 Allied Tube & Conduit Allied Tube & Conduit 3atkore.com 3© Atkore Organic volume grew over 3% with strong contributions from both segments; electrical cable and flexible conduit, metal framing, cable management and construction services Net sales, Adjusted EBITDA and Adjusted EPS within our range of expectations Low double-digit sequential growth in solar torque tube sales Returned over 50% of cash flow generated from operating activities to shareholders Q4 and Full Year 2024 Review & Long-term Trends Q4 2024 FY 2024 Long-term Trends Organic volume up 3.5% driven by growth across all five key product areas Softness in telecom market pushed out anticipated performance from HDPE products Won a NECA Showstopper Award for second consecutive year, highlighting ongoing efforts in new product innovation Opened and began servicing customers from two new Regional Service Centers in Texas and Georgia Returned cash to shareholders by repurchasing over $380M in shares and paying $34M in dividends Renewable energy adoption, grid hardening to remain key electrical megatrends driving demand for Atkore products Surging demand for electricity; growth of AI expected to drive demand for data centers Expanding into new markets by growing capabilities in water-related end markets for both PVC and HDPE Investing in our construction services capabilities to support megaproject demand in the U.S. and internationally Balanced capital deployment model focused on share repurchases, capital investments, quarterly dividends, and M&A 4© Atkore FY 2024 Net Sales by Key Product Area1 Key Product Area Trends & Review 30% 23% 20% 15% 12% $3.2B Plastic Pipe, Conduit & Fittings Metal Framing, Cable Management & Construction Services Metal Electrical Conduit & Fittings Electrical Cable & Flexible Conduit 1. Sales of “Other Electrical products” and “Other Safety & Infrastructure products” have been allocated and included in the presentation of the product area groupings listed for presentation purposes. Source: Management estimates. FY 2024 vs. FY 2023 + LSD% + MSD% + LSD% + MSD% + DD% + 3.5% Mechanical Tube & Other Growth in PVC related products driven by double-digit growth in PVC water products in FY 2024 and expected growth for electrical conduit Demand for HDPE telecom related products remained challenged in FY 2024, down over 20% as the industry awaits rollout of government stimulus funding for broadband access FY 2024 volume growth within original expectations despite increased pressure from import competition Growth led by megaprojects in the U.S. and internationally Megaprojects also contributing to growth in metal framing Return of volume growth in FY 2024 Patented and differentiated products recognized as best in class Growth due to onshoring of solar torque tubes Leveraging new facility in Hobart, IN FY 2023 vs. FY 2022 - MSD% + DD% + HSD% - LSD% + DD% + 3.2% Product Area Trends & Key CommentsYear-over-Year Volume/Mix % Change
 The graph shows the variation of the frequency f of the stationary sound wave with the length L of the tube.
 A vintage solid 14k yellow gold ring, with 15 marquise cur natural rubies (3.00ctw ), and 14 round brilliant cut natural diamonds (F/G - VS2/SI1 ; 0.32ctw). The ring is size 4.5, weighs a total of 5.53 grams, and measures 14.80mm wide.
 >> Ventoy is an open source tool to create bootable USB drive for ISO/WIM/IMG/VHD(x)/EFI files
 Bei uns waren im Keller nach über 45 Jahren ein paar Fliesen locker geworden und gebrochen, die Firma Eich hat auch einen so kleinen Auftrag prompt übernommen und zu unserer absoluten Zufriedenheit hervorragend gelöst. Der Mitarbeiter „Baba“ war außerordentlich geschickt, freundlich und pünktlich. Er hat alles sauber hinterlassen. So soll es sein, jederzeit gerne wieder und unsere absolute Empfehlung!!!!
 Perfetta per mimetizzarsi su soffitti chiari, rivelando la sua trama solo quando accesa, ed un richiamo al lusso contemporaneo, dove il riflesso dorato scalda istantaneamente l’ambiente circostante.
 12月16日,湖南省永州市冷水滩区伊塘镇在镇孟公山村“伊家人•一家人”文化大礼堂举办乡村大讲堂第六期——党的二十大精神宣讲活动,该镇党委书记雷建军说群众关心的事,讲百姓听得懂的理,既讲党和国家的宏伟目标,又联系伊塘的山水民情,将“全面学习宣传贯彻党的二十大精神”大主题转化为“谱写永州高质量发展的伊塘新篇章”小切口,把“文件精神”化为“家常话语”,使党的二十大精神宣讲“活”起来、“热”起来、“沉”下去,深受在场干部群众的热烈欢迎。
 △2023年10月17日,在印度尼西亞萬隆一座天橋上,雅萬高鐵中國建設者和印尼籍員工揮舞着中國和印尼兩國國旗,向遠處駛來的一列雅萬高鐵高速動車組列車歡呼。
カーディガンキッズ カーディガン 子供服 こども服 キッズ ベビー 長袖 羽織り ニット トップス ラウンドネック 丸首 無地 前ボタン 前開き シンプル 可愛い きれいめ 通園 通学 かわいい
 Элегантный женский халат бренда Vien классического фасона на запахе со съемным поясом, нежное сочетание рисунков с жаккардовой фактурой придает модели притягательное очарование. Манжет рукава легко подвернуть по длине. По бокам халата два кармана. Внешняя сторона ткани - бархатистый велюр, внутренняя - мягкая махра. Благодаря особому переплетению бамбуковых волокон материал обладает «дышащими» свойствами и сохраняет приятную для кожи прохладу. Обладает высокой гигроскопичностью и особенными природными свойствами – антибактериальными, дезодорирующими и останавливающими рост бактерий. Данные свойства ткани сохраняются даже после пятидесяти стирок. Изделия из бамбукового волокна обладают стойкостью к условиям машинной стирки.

• [Problem to work on]: Without dropping a single line, output the records above exactly.

• [Task answer]:
 Allied Tube & Conduit Allied Tube & Conduit 3atkore.com 3© Atkore Organic volume grew over 3% with strong contributions from both segments; electrical cable and flexible conduit, metal framing, cable management and construction services Net sales, Adjusted EBITDA and Adjusted EPS within our range of expectations Low double-digit sequential growth in solar torque tube sales Returned over 50% of cash flow generated from operating activities to shareholders Q4 and Full Year 2024 Review & Long-term Trends Q4 2024 FY 2024 Long-term Trends Organic volume up 3.5% driven by growth across all five key product areas Softness in telecom market pushed out anticipated performance from HDPE products Won a NECA Showstopper Award for second consecutive year, highlighting ongoing efforts in new product innovation Opened and began servicing customers from two new Regional Service Centers in Texas and Georgia Returned cash to shareholders by repurchasing over $380M in shares and paying $34M in dividends Renewable energy adoption, grid hardening to remain key electrical megatrends driving demand for Atkore products Surging demand for electricity; growth of AI expected to drive demand for data centers Expanding into new markets by growing capabilities in water-related end markets for both PVC and HDPE Investing in our construction services capabilities to support megaproject demand in the U.S. and internationally Balanced capital deployment model focused on share repurchases, capital investments, quarterly dividends, and M&A 4© Atkore FY 2024 Net Sales by Key Product Area1 Key Product Area Trends & Review 30% 23% 20% 15% 12% $3.2B Plastic Pipe, Conduit & Fittings Metal Framing, Cable Management & Construction Services Metal Electrical Conduit & Fittings Electrical Cable & Flexible Conduit 1. Sales of “Other Electrical products” and “Other Safety & Infrastructure products” have been allocated and included in the presentation of the product area groupings listed for presentation purposes. Source: Management estimates. FY 2024 vs. FY 2023 + LSD% + MSD% + LSD% + MSD% + DD% + 3.5% Mechanical Tube & Other Growth in PVC related products driven by double-digit growth in PVC water products in FY 2024 and expected growth for electrical conduit Demand for HDPE telecom related products remained challenged in FY 2024, down over 20% as the industry awaits rollout of government stimulus funding for broadband access FY 2024 volume growth within original expectations despite increased pressure from import competition Growth led by megaprojects in the U.S. and internationally Megaprojects also contributing to growth in metal framing Return of volume growth in FY 2024 Patented and differentiated products recognized as best in class Growth due to onshoring of solar torque tubes Leveraging new facility in Hobart, IN FY 2023 vs. FY 2022 - MSD% + DD% + HSD% - LSD% + DD% + 3.2% Product Area Trends & Key CommentsYear-over-Year Volume/Mix % Change
 The graph shows the variation of the frequency f of the stationary sound wave with the length L of the tube.
 A vintage solid 14k yellow gold ring, with 15 marquise cur natural rubies (3.00ctw ), and 14 round brilliant cut natural diamonds (F/G - VS2/SI1 ; 0.32ctw). The ring is size 4.5, weighs a total of 5.53 grams, and measures 14.80mm wide.
 >> Ventoy is an open source tool to create bootable USB drive for ISO/WIM/IMG/VHD(x)/EFI files
 Bei uns waren im Keller nach über 45 Jahren ein paar Fliesen locker geworden und gebrochen, die Firma Eich hat auch einen so kleinen Auftrag prompt übernommen und zu unserer absoluten Zufriedenheit hervorragend gelöst. Der Mitarbeiter „Baba“ war außerordentlich geschickt, freundlich und pünktlich. Er hat alles sauber hinterlassen. So soll es sein, jederzeit gerne wieder und unsere absolute Empfehlung!!!!
 Perfetta per mimetizzarsi su soffitti chiari, rivelando la sua trama solo quando accesa, ed un richiamo al lusso contemporaneo, dove il riflesso dorato scalda istantaneamente l’ambiente circostante.
 12月16日,湖南省永州市冷水滩区伊塘镇在镇孟公山村“伊家人•一家人”文化大礼堂举办乡村大讲堂第六期——党的二十大精神宣讲活动,该镇党委书记雷建军说群众关心的事,讲百姓听得懂的理,既讲党和国家的宏伟目标,又联系伊塘的山水民情,将“全面学习宣传贯彻党的二十大精神”大主题转化为“谱写永州高质量发展的伊塘新篇章”小切口,把“文件精神”化为“家常话语”,使党的二十大精神宣讲“活”起来、“热”起来、“沉”下去,深受在场干部群众的热烈欢迎。
 △2023年10月17日,在印度尼西亞萬隆一座天橋上,雅萬高鐵中國建設者和印尼籍員工揮舞着中國和印尼兩國國旗,向遠處駛來的一列雅萬高鐵高速動車組列車歡呼。
カーディガンキッズ カーディガン 子供服 こども服 キッズ ベビー 長袖 羽織り ニット トップス ラウンドネック 丸首 無地 前ボタン 前開き シンプル 可愛い きれいめ 通園 通学 かわいい
 Элегантный женский халат бренда Vien классического фасона на запахе со съемным поясом, нежное сочетание рисунков с жаккардовой фактурой придает модели притягательное очарование. Манжет рукава легко подвернуть по длине. По бокам халата два кармана. Внешняя сторона ткани - бархатистый велюр, внутренняя - мягкая махра. Благодаря особому переплетению бамбуковых волокон материал обладает «дышащими» свойствами и сохраняет приятную для кожи прохладу. Обладает высокой гигроскопичностью и особенными природными свойствами – антибактериальными, дезодорирующими и останавливающими рост бактерий. Данные свойства ткани сохраняются даже после пятидесяти стирок. Изделия из бамбукового волокна обладают стойкостью к условиям машинной стирки.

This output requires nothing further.